You may already know this, but in case you don't, MonoBehaviours can automatically expose fields to the Unity Inspector. By default all Public Fields are exposed unless they are marked with [HideInInspector]. And if we want to expose non public fields we can make use of the attribute [SerializeField]. This is a very important concept within Unity, and in our case we'll modify the maximum number of players per room and expose it in the inspector so that we can set that up without touching the code itself.

We'll do the same for the maximum number of players per room. Hardcoding this within the code isn't the best practice, instead, let's make it as a public variable, so that we can later decide and toy around with that number without the need for recompiling.

At the beginning of the class declaration, within the Private Serializable Fields region let's add:

/// <summary>
/// The maximum number of players per room. When a room is full, it can't be joined by new players, and so new room will be created.
/// </summary>   
[Tooltip("The maximum number of players per room. When a room is full, it can't be joined by new players, and so new room will be created")]
[SerializeField]
private byte maxPlayersPerRoom = 4;

and then we modify the PhotonNetwork.CreateRoom() call and use this new field instead of the harcoded number we were using before.

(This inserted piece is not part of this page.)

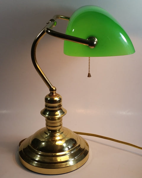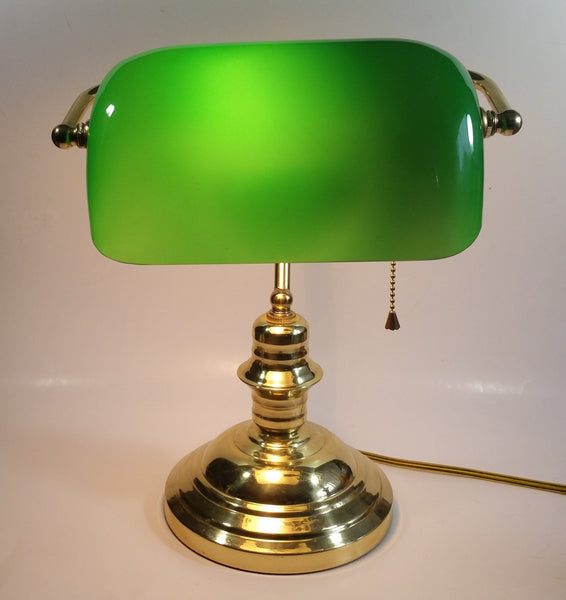 Vintage Style Curved Green Glass on Brass Bankers Desk Lamp 15" Tall

// #Critical: we failed to join a random room, maybe none exists or they are all full. No worries, we create a new room.
PhotonNetwork.CreateRoom(null, new RoomOptions { MaxPlayers = maxPlayersPerRoom });

Launcher Script Inspector
Launcher Script Inspector

So, now we don't force the script to use a static MaxPlayers value, we simply need to set it in the Unity inspector, and hit run, no need to open the script, edit it, save it, wait for Unity to recompile and finally run. It's a lot more productive and flexible this way.